Aim of the task. From the line with "Le dossier professionnel" to the line with "Pisze, że Trump", output every line below exactly, both ends included. Skip the pictures.

Extracted records.
-------

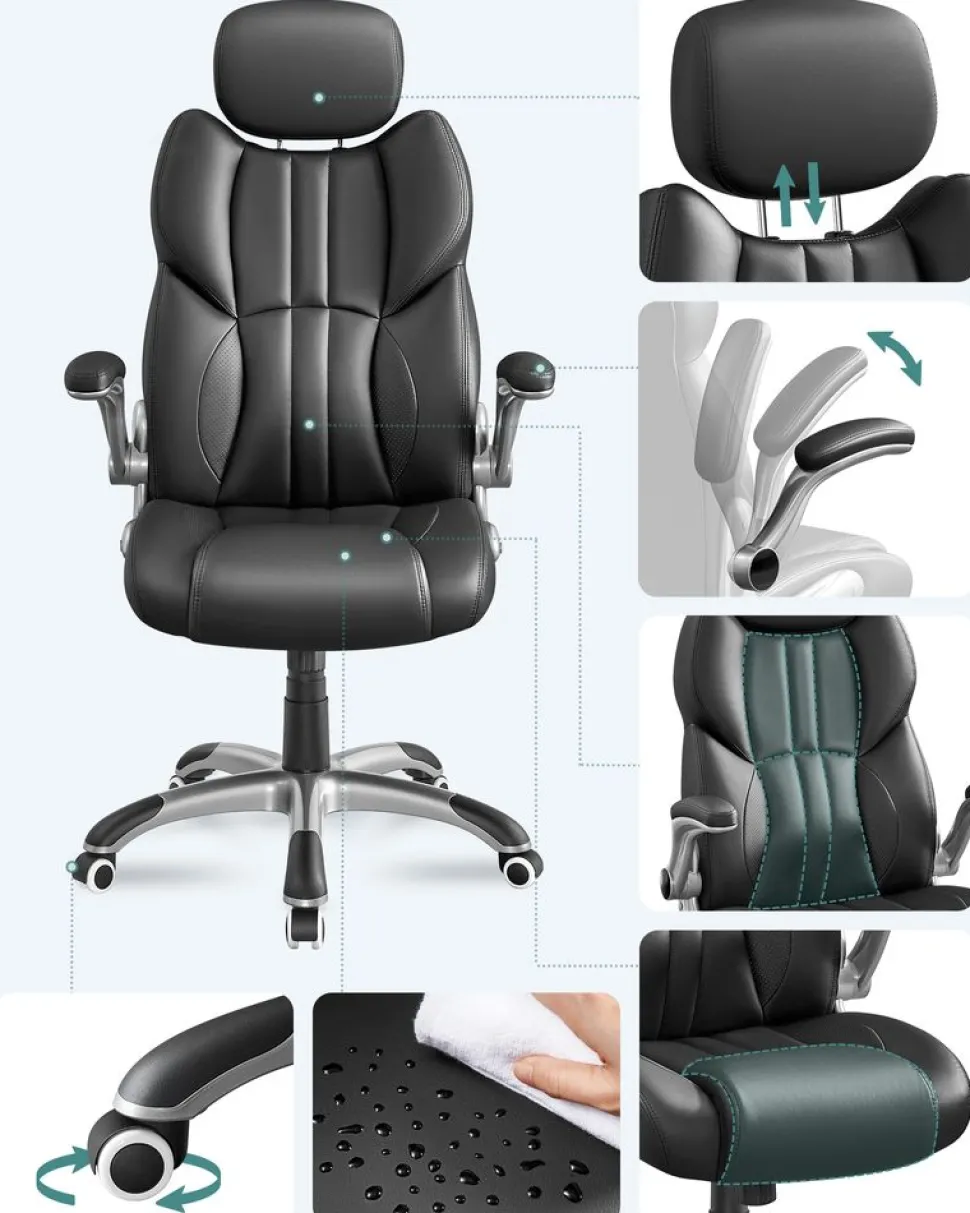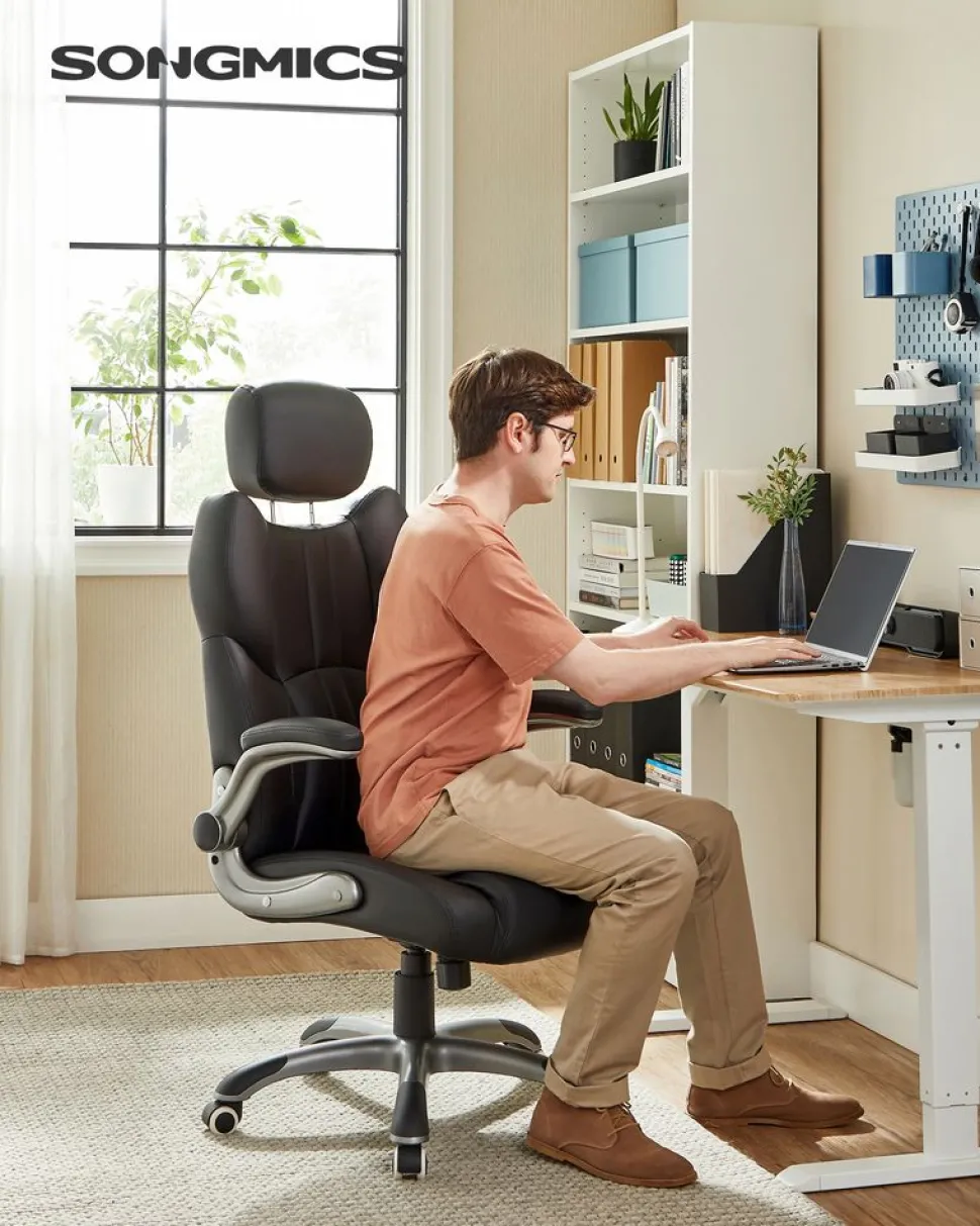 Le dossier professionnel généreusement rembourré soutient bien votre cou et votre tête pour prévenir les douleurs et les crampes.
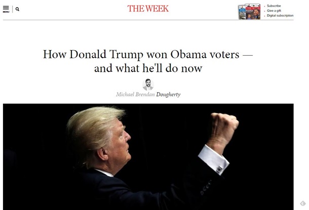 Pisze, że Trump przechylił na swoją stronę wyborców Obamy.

-------

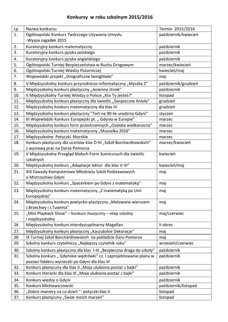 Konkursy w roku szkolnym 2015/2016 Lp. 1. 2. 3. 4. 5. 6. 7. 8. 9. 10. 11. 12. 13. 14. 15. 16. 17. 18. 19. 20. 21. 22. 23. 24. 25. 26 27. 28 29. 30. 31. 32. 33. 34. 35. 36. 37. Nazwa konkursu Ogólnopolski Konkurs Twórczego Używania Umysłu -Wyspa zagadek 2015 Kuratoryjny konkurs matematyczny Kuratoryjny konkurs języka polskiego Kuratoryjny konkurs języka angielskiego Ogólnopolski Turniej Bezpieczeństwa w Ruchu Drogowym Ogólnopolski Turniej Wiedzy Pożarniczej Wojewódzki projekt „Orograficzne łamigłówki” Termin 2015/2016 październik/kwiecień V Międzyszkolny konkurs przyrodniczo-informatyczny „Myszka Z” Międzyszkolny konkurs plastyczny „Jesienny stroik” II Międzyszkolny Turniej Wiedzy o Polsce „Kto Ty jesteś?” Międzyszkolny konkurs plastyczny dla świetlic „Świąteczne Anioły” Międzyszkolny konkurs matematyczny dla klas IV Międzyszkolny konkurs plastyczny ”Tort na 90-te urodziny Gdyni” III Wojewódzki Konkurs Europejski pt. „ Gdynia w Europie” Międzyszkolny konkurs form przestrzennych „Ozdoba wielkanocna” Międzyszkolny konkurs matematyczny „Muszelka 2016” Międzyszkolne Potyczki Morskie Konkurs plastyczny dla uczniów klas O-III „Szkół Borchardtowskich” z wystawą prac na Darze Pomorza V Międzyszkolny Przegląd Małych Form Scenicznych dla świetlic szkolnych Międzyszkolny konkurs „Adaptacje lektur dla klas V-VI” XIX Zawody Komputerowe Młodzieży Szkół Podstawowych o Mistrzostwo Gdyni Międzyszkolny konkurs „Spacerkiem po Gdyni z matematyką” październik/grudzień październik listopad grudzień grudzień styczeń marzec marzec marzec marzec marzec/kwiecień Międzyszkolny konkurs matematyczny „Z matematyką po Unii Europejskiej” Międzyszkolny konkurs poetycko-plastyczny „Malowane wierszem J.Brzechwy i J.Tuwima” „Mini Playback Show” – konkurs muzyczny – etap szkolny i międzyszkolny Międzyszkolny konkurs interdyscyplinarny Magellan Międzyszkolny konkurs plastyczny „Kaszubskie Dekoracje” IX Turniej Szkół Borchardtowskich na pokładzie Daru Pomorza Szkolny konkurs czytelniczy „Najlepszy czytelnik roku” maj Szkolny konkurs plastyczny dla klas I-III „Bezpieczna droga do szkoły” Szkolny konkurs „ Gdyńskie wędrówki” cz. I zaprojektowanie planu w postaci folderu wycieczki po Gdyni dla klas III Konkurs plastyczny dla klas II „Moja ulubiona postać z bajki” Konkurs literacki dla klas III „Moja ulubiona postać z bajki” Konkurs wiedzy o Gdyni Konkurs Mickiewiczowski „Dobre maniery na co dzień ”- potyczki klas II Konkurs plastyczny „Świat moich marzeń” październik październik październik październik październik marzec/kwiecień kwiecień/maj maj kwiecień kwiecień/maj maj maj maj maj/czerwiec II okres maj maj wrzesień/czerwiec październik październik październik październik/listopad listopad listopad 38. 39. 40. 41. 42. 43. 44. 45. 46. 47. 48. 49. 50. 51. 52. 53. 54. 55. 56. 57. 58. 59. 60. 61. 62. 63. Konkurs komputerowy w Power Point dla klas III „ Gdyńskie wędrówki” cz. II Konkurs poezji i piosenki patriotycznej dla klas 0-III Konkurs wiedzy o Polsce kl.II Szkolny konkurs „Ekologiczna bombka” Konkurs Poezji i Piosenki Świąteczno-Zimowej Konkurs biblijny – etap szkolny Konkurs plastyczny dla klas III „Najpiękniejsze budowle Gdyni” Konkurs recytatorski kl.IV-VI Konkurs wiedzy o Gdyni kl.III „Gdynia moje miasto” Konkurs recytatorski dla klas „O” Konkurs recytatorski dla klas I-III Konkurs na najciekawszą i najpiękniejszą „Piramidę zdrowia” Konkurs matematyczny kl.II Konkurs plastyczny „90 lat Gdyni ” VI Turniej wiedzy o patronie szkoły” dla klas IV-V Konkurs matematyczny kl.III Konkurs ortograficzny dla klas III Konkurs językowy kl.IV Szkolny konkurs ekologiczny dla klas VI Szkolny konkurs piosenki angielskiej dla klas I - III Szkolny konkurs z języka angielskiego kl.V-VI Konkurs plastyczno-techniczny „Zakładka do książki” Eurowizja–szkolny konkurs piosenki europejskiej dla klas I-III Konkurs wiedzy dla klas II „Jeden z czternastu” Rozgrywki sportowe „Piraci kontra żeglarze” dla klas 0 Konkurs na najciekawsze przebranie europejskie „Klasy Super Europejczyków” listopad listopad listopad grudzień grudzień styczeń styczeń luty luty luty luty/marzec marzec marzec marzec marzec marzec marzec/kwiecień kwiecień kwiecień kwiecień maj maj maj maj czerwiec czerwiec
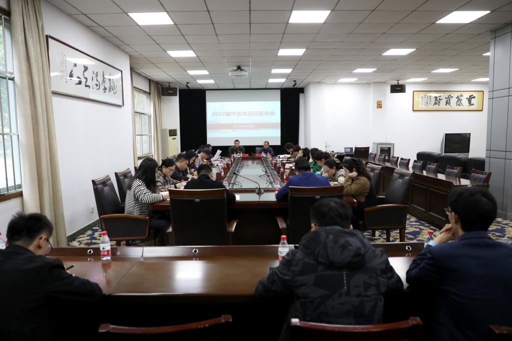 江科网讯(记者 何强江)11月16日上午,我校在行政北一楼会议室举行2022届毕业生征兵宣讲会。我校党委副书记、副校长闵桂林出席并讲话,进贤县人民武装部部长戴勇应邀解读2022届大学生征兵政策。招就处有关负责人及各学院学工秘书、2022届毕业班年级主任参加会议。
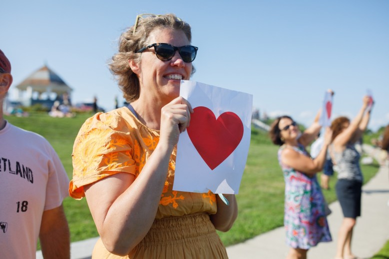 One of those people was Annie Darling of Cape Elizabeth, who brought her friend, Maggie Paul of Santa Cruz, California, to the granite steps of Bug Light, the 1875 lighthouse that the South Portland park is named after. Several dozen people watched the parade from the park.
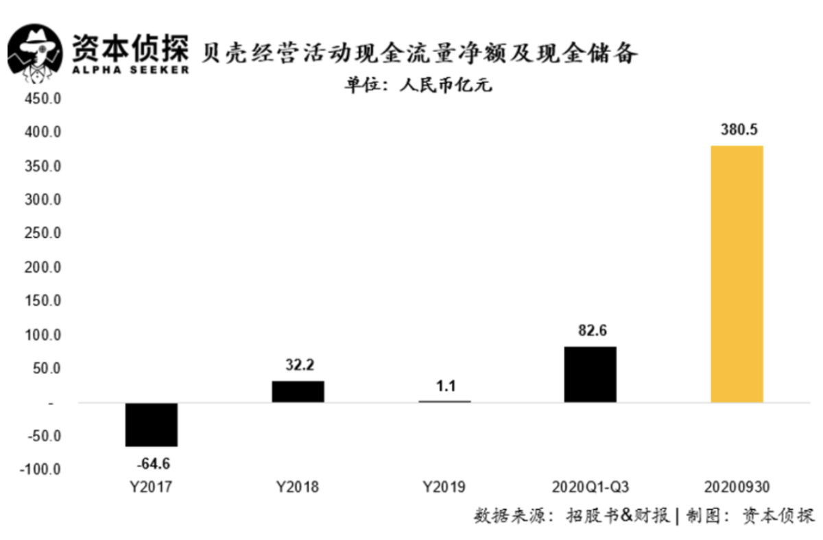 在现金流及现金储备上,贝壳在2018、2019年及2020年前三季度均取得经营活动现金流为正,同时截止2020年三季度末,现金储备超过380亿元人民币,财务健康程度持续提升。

-------

Output for this task.
 Le dossier professionnel généreusement rembourré soutient bien votre cou et votre tête pour prévenir les douleurs et les crampes.
 Pisze, że Trump przechylił na swoją stronę wyborców Obamy.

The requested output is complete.